The majority of FDP tests use latex agglutination,
turbidimetry or reflectometry, which mainly quantify the D and E
fragments of fibrin in plasma samples. The DR-70 immunoassay, a
commercially available polyclonal anti-FDP antibody-based
immunoassay, quantifies all the products of cancer-induced FDP,
including the D and E fragments and D-dimers in serum. Thus, the
DR-70 immunoassay is more sensitive than conventional FDP tests
(12). The cytokeratin 19
fragmentation antigen, CYFRA 21-1, is a polypeptide that recognizes
soluble cytokeratin 19 fragments and is a well-established
biomarker for lung cancer. Cytokeratin 19 is an acidic type I
cytokeratin that is expressed in all simple epithelia and in
carcinomas, including lung cancer, and it is a sensitive tumor
marker, particularly for non-small cell lung cancer (13–16).
Although the DR-70 immunoassay has been reported to
be clinically sensitive for the detection of several malignancies
(9,12,17–23),
extremely few studies have investigated the clinical efficiency of
DR-70 for the detection of lung cancer. A number of studies have
demonstrated that hemostatic alterations are frequently observed in
lung cancer patients and the degree of coagulation and fibrinolysis
activation has been correlated with the clinical progression of the
disease (5,24,25).
The aim of the present study was to investigate the diagnostic
value of the DR-70 immunoassay in lung cancer and to compare the
sensitivity and specificity of FDP with CYFRA 21-1 as biomarkers of
lung cancer.
Materials and methods
Patients
Serum samples were obtained from 193 patients
diagnosed with lung cancer between July 2007 and December 2009 at
Korea Cancer Center Hospital (Seoul, Korea) and from 84 healthy
controls from the blood specimen biobank of the hospital. An
additional 106 serum samples from patients with benign respiratory
diseases (86 asthma patients, 10 chronic obstructive pulmonary
disease, eight tuberculosis, one pneumonia and one aspergillosis
patient) were provided by Soonchunhyang University Bucheon Hospital
Biobank (Bucheon, Korea). All the samples of benign lung diseases
were obtained at the time of diagnosis, whereas the serum from
patients with cancer were collected prior to the surgery. Lung
cancer diagnosis and staging was determined using whole-body
computed tomography, percutaneous needle aspiration and
bronchoscopy with biopsy. Histopathological evaluation was
performed according to the revised World Health Organization
classification of lung tumors (26). The characteristics of the study
population are shown in Table I.
The median age of the patients with cancer was 62 years (range,
8–81 years) with a male-to-female ratio of 7.8:1. The
male-to-female ratio and the median age of the patients in the
benign lung disease group were 3.1:1 and 47 years (range, 17–80
years), respectively, whereas these values for the healthy control
group were 7.4:1 and 45 years (range, 28–75 years), respectively.

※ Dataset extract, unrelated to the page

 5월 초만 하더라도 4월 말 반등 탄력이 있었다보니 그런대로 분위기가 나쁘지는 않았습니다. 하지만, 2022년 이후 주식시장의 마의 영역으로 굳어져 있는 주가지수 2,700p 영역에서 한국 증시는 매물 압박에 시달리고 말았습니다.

Smoking history was not available for 101 patients (12 lung cancer
patients, five benign lung disease group and all 84 healthy control
group patients). Among the remaining 282 patients, the smoker vs.

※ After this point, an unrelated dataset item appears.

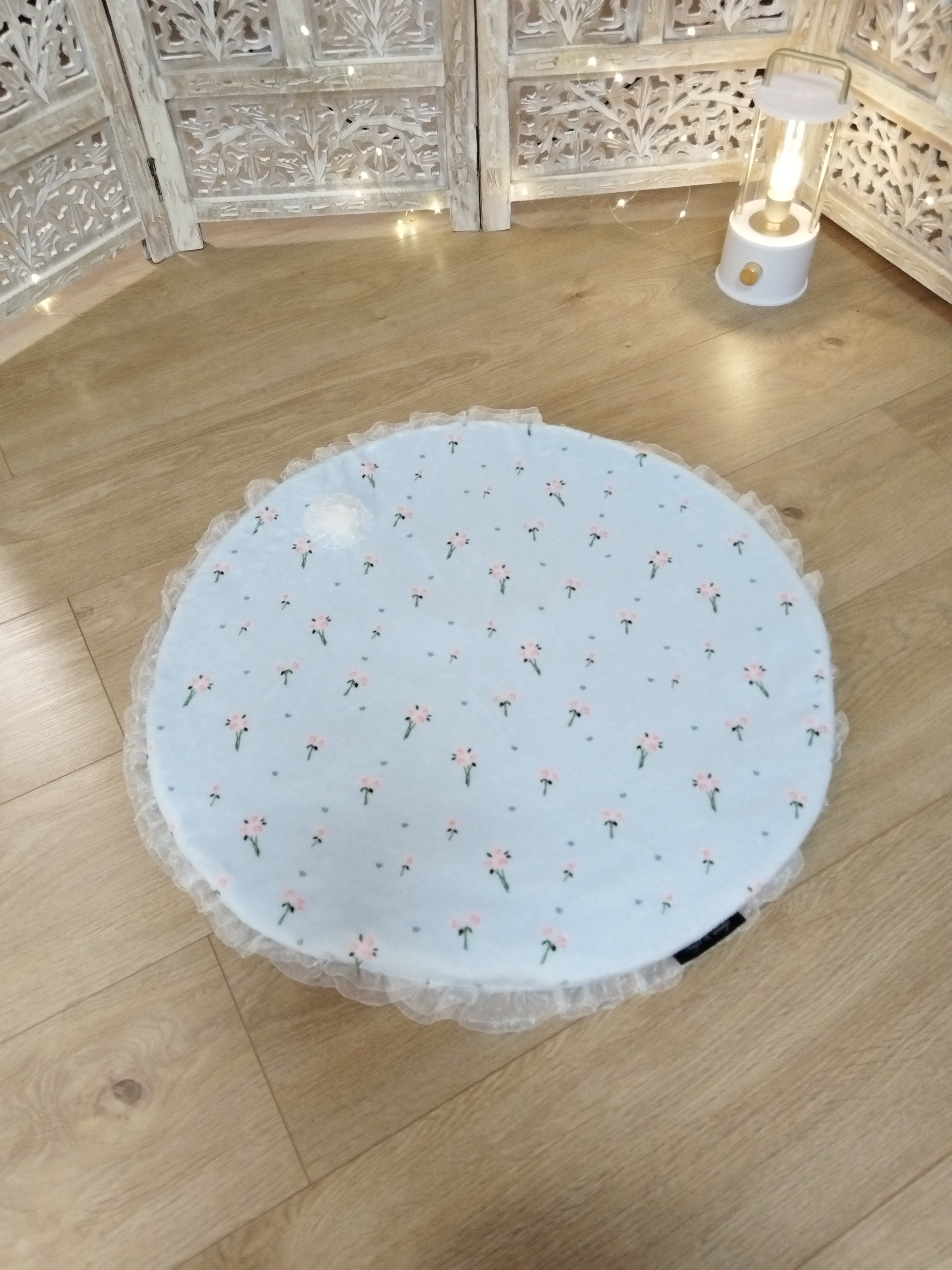 ✨ Modèle Tapis ouatiné 📏 Dimensions • 60 cm • 80 cm ⚜️ Matière Minky doux avec volant en organza 🌸 Détails • Tapis ouatiné • Non déhoussable 🧼 Conseils d’entretien • Lavage en machine à 30...

non-smoker ratios were 2.1:1 in the lung cancer patients and 0.5:1
in patients with benign lung diseases. The approval for the use of
human sera was obtained by the Institutional Review Board of Korea
Institute of Radiological and Medical Sciences
(K-1111-002-026).
 | Table ICharacteristics of the study
population. |
Table I
Characteristics of the study
population.
| Characteristics | Lung cancer patients
(n=193) | Benign lung disease
patients (n=106) | Healthy controls
(n=84) |
|---|
| Gender. n |
| Male | 171 | 80 | 74 |
| Female | 22 | 26 | 10 |
| Age, years
(range) | 62 (8–81) | 47 (17–80) | 45 (28–75) |
| Current smoking,
n | | | NE |
| Yes | 123 | 33 | |
| No | 58 | 68 | |
| Unknown | 12 | 5 | |
| Types, n (%) |
| SCLC | 7 (3.6) | | |
| ADC | 63 (32.6) | | |
| SCC | 72 (37.3) | | |
| Othersa | 51 (26.4) | | |
| Stage, n (%) |
| I | 58 (30.1) | | |
| II | 32 (16.6) | | |
| III | 38 (19.7) | | |
| IV | 65 (33.7) | | |
Detection of FDP and CYFRA 21-1
The concentrations of all the forms of FDP in the
serum were measured with the DR-70 immunoassay (AMDL Inc., Tustin,
CA, USA) in accordance with the manufacturer’s instructions. DR-70
is an enzyme-linked immunosorbent assay-based sandwich method.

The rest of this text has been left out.